Alhambra residents suing over major office and retail project

They say it would be located in one of the city’s “most congested and contaminated areas”

A group of Alhambra residents is suing the city in an attempt to block a controversial development project that will bring a Lowe’s home improvement store and two six-story office towers to a 12-acre lot on South Fremont Avenue.

Neighborhood activist group Grassroots Alhambra filed the lawsuit Monday in the Los Angeles Superior Court, as the Pasadena Star News reports. The suit alleges that the project did not undergo sufficient environmental review before being approved by the city’s planning department in January.

According to a press release from the group, the project, which also includes a six-floor parking structure, would be “located in one of the most congested and contaminated areas in the city of Alhambra.”

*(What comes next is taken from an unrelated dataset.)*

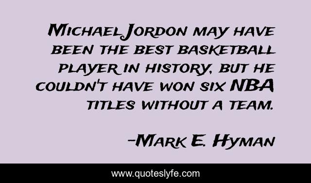 This page presents the quote "Michael Jordon may have been the best basketball player in history, but he couldn't have won six NBA titles without a team.". Author of this quote is Mark E. Hyman. This quote is about basketball, history, team,.
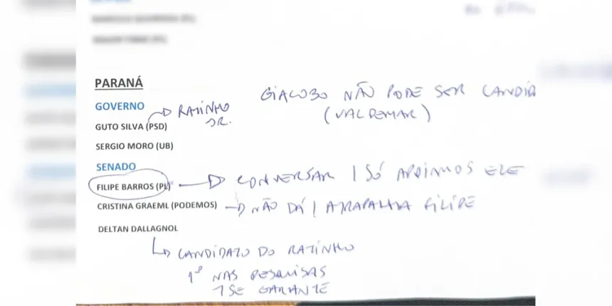 Outros dois nomes aparecem como possibilidades: Cristina Graeml (União Brasil), que, segundo a anotação, “atrapalharia Filipe”; e o ex-deputado Deltan Dallagnol (Novo), que é apontado como “candidato do Ratinho e primeiro nas pesquisas”.

The contamination part of that statement refers to the possibility that toxic materials could be left over from a manufacturing plant that previously occupied the project site. Residents maintained this position in an appeal of the project rejected by the city council in February.

The project is being developed by the Charles Company, which is also working to redevelop the long-abandoned Hawthorne Mall into an outdoor shopping complex.

Dr. Ron Sahu, a leader of Grassroots Alhambra, said the group has nothing against the developer—or development in general. “We are simply against the illegal manner in which the City of Alhambra sought to approve the project,” he maintained.